London. The Robert Siodmak season rolls on at BFI Southbank through May and programmer Geoff Andrew recalls the time he was “knocked for six” by Phantom Lady (1944): “I first saw the film in the late 1970s, when I was beginning to dive deep into jazz; I was immediately struck by its authentic atmosphere, its brazen conflation of near-ecstatic musical and sexual excitement, its perfectly paced editing and its sharp, shadowy, angled visuals. And I was also struck by the way form expertly complemented content.”

Another current highlight of the series is Cry of the City (1948), currently traveling the Isles through mid-June. For David Jenkins at Little White Lies, “the beauty of Siodmak’s film is how it objectively observes how a man acts with the spectre of death on his shoulder.” More from Peter Bradshaw (Guardian, 4/5).

Paris. “In the new, rather curiously titled Cinematheque Francaise exhibition Antonioni: The Origins of Pop, the director’s work is given a thorough examination through clips, annotated screenplays, archive materials, set photographs and original paintings made during the latter half of his career.” A report from Jordan Mintzer in the Hollywood Reporter. The retrospective screens through May 31 while the exhibition’s on view through July 19.

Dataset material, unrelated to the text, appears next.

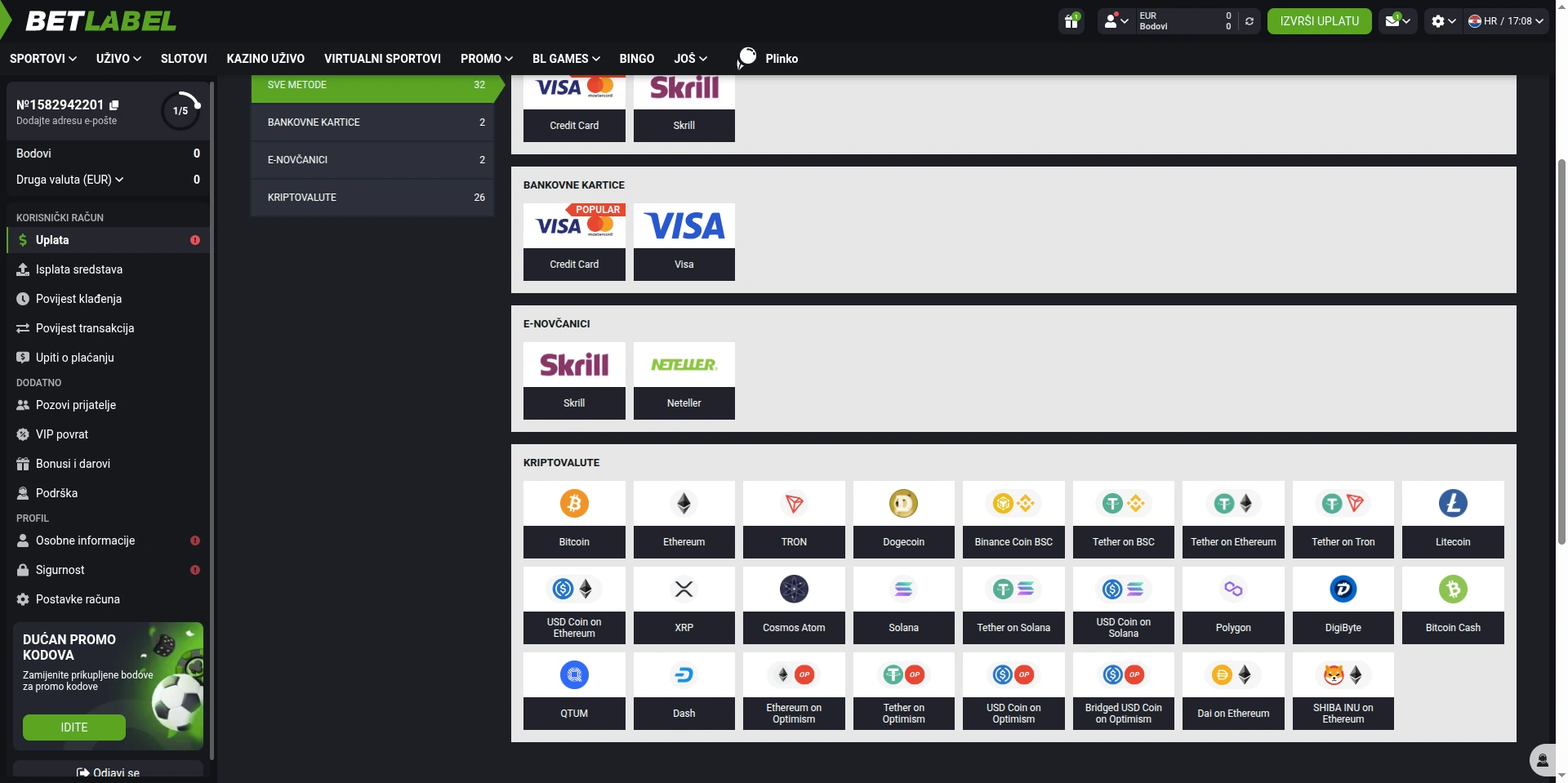 Kriptovalute: BetLabel ima jak crypto dio i često se tu pojavi najveći izbor. Ovo je obično brzo, ali zavisi od mreže i potvrda  nekad je za par minuta, nekad čekaš duže ako je gužva ili fee nizak.Podržane kriptovalute na BetLabelu: BTC, ETH, USDT, LTC, BCH, DOGE, DASH, TRX, XRP.itd splata: kad BetLabel odobri isplatu, kripto transfer nakon slanja obično dođe u rasponu 10–60 minuta

Vienna. Wednesday: “Michael Glawogger, writer and filmmaker, died on April 22, 2014, in Liberia. One year later, the Austrian Film Museum stages an evening in Michael’s memory, celebrating the enormous vitality of his work with the Vienna premiere of his final completed film, Die Frau mit einem Schuh, and the launch of his posthumously published novel, 69 Hotelzimmer.”

Munich. “What can art gain from cinema? And how can cinema contribute to art?” Kino der Kunst runs from Wednesday through Sunday.